Work item: Where a picture appears, skip it and copy everything else in the listing exactly.

START Provided data

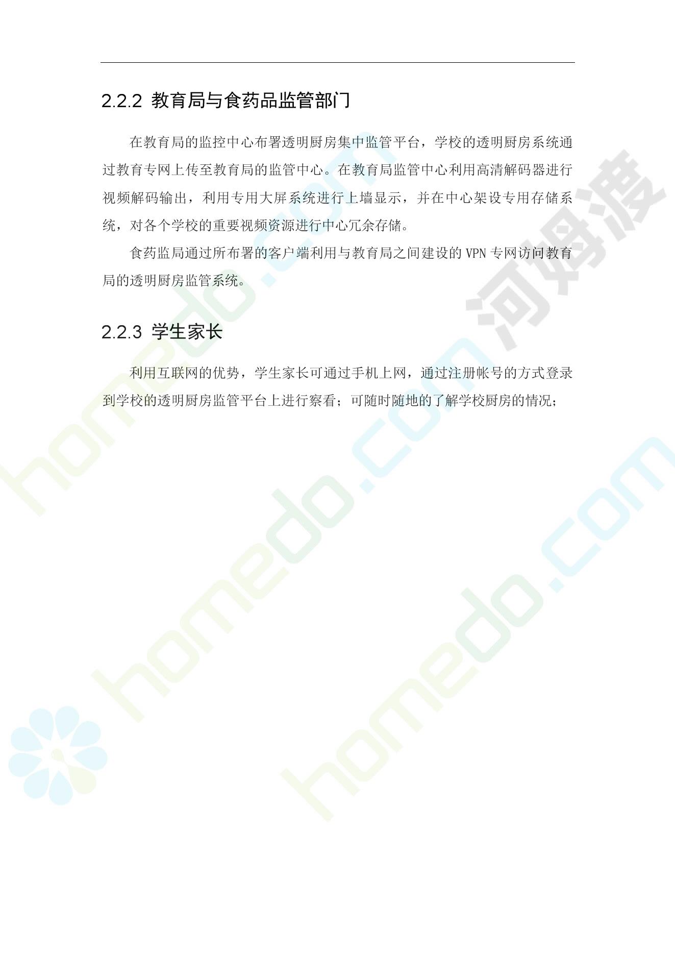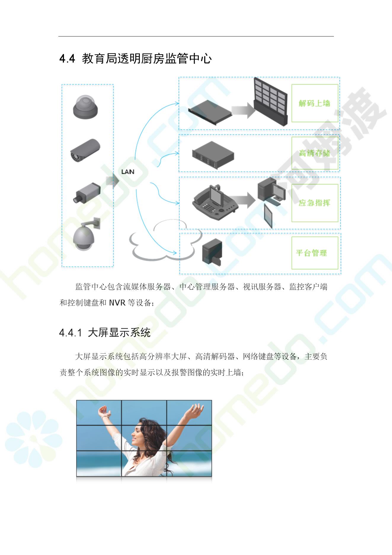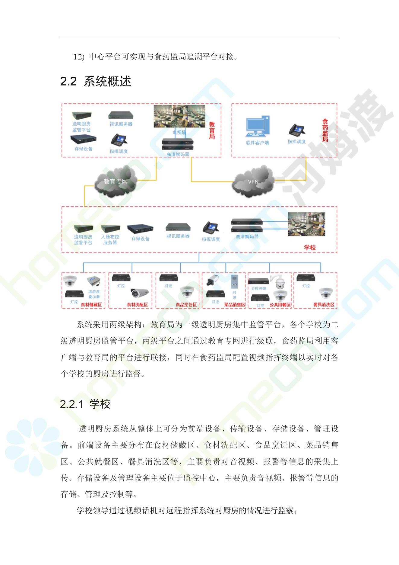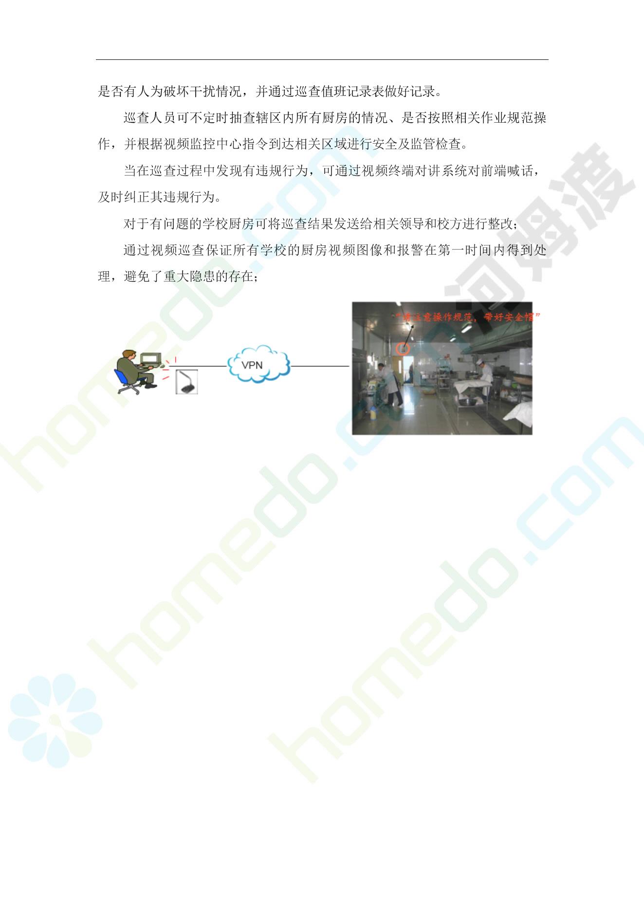 方案简介 病从口入,学校食堂食品卫生安全始终牵挂着每个家长的心。严控食品风险,防止学校食堂发生食物中毒事件。各级主管部门非常重视食品安全工作,每年都针对防控学校食物中毒进行部署并提出要求。大多数地方和学校都能按照上级文件要求,结合本地实际,认真落实各项食品安全管理制度与措施。但是,仍有少数地方和学校对食品安全管理和传染病防控管理不到位,措施落实不力,存在不少漏洞和隐患,食物中毒和肠道传染病流行事件时有发生。恶心、呕吐、腹泻、发热、腹痛等事件的发生,影响了学生的身体健康和学校正常秩序。 因此教育主管部门、卫生部门以及安检等部门,强烈要求启动“透明厨房”建设工程,通过强化校园食堂现场管理实现多层次、多角度、
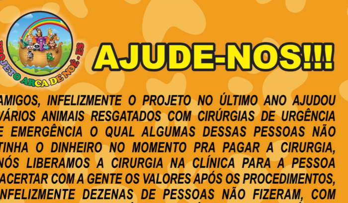 Infelizmente o projeto no último ano ajudou vários animais resgatados com cirurgias de urgência emergência o qual algumas dessas pessoas não tinha um dinheiro no momento pra pagar cirurgia nós liberamos a cirurgia na clínica pra pessoa acertar com a gente os valores apos os procedimentos , infelizmente dezenas de pessoas não fizeram com isso acumulamos dívidas altíssimas nas clínicas chegando a quase R$20.000 , quem puder nos ajudar a tentar juntar o valor pra poder quitar essa dívida agradeço imensamente para podermos continuar com o projeto e ajudando centenas de animais por mês 🙏🏻🙏🏻🙏🏻🙏🏻
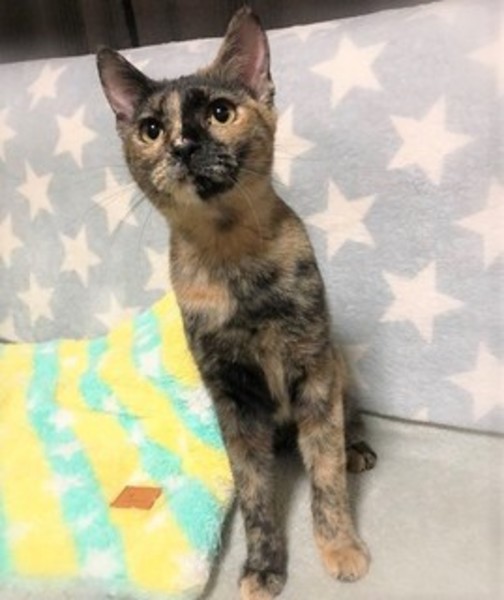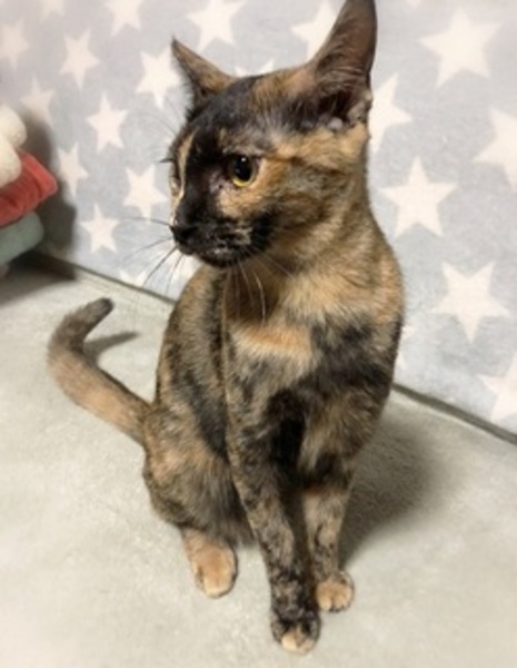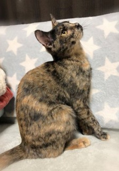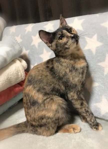 | 特徴(性格など) | 仮名、くりす。 ぱっちり瞳、サビ柄女の子。 反射神経が良く、好奇心旺盛。 とても認識力が高いお利口さん。よく色んな物を観察しています。 抱っこはあまり好きではありませんが、撫でられるとコテンと横になり、ゴロゴロ言いながら目を細め幸せそうなお顔を見せてくれます。 |

END Provided data

Task solution:
 方案简介 病从口入,学校食堂食品卫生安全始终牵挂着每个家长的心。严控食品风险,防止学校食堂发生食物中毒事件。各级主管部门非常重视食品安全工作,每年都针对防控学校食物中毒进行部署并提出要求。大多数地方和学校都能按照上级文件要求,结合本地实际,认真落实各项食品安全管理制度与措施。但是,仍有少数地方和学校对食品安全管理和传染病防控管理不到位,措施落实不力,存在不少漏洞和隐患,食物中毒和肠道传染病流行事件时有发生。恶心、呕吐、腹泻、发热、腹痛等事件的发生,影响了学生的身体健康和学校正常秩序。 因此教育主管部门、卫生部门以及安检等部门,强烈要求启动“透明厨房”建设工程,通过强化校园食堂现场管理实现多层次、多角度、
 Infelizmente o projeto no último ano ajudou vários animais resgatados com cirurgias de urgência emergência o qual algumas dessas pessoas não tinha um dinheiro no momento pra pagar cirurgia nós liberamos a cirurgia na clínica pra pessoa acertar com a gente os valores apos os procedimentos , infelizmente dezenas de pessoas não fizeram com isso acumulamos dívidas altíssimas nas clínicas chegando a quase R$20.000 , quem puder nos ajudar a tentar juntar o valor pra poder quitar essa dívida agradeço imensamente para podermos continuar com o projeto e ajudando centenas de animais por mês 🙏🏻🙏🏻🙏🏻🙏🏻
 | 特徴(性格など) | 仮名、くりす。 ぱっちり瞳、サビ柄女の子。 反射神経が良く、好奇心旺盛。 とても認識力が高いお利口さん。よく色んな物を観察しています。 抱っこはあまり好きではありませんが、撫でられるとコテンと横になり、ゴロゴロ言いながら目を細め幸せそうなお顔を見せてくれます。 |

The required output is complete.